Below is a listing; print exactly its lines from the one containing "Каша для детей" down to the one containing "Outre son design, on", both inclusive, with every picture left out.

- Information given:

^^^^^^^^^^^^^^^^

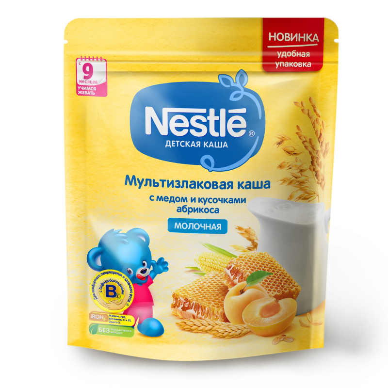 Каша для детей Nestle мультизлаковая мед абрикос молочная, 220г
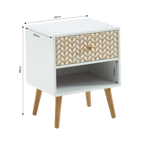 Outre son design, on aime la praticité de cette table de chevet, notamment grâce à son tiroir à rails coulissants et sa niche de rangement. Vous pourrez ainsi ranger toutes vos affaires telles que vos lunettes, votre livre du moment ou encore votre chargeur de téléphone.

^^^^^^^^^^^^^^^^

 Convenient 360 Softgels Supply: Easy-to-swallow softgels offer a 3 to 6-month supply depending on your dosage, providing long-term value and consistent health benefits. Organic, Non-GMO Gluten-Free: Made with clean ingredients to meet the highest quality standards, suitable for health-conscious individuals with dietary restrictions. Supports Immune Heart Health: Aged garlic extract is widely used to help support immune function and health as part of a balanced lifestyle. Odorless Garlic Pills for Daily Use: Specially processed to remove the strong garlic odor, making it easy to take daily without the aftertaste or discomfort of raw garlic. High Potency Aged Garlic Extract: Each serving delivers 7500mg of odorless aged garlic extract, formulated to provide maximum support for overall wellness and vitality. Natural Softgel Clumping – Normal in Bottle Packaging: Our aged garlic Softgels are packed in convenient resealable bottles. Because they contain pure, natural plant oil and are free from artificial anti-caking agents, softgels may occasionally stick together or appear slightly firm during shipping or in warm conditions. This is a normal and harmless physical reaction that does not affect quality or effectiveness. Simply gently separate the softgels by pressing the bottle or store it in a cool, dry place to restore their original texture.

^^^^^^^^^^^^^^^^

- Response:
 Каша для детей Nestle мультизлаковая мед абрикос молочная, 220г
 Outre son design, on aime la praticité de cette table de chevet, notamment grâce à son tiroir à rails coulissants et sa niche de rangement. Vous pourrez ainsi ranger toutes vos affaires telles que vos lunettes, votre livre du moment ou encore votre chargeur de téléphone.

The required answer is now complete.